- Spilia Location within Greece
- Coordinates: 40°29′47″N 21°48′37″E﻿ / ﻿40.49639°N 21.81028°E
- Country: Greece
- Administrative region: Western Macedonia
- Regional unit: Kozani
- Municipality: Eordaia
- Municipal unit: Agia Paraskevi

Population (2021)
- • Community: 35
- Time zone: UTC+2 (EET)
- • Summer (DST): UTC+3 (EEST)
- Postal code: 50200
- Area code: +30 2463

= Spilia, Kozani =

Village in Kozani regional unit, West Macedonia, Greece

Spilia is a village located in Agia Paraskevi municipal unit, Kozani regional unit, West Macedonia, Greece. Ptolemaida is 25 km northwest of Spilia.

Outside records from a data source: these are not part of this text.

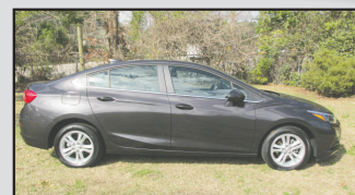
'17 CHEVROLET CRUZE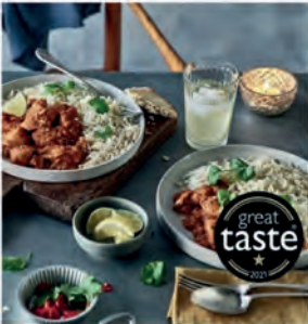
Butter Chicken Curry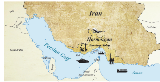
FIGURE 1: Location of Hormozgan province and Bandar Abbas city in the north coast of the Persian Gulf demonstrating the highly active port for trading, fishing, oil industry and tourism.

2.2. Drug Susceptibility Testing. Proportion method was used for determination of susceptibility of isolates to isoniazid (0.2 µg/mL), rifampin (40 µg/mL), ethambutol (2 µg/mL), and streptomycin (4 µg/mL) [22].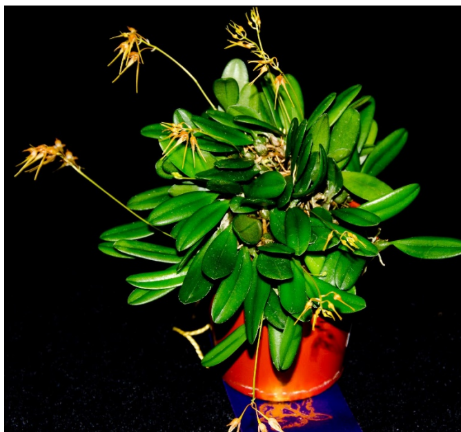
Bulb. Taiwanese. Species and plant culture awards.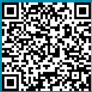
Economics Internship Webpage

Upon approval, register for ECON 487 on RamWeb.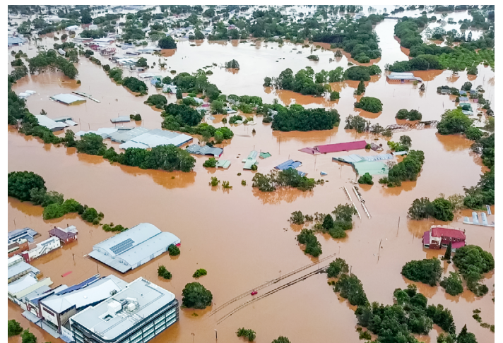
South Lismore flooding 2022.

Every flood is different. While NSW SES can provide guidance on what may occur in future floods, it's important to remember that predictions are not guarantees.

Spilia is situated at an altitude of 820 meters. At the 2021 census, the population was 35.

==Archaeological site==
A portion of Via Egnatia, an ancient Roman road, passes through Spilia. An archaeological site of the ancient Macedonian tomb of Eordaia (Greek: Μακεδονικός τάφος Σπηλιάς) is located in Spilia along this road. The architectural form shows the tomb and monument to be in the same category as tombs of Philip II, Vergina, and Leukadia.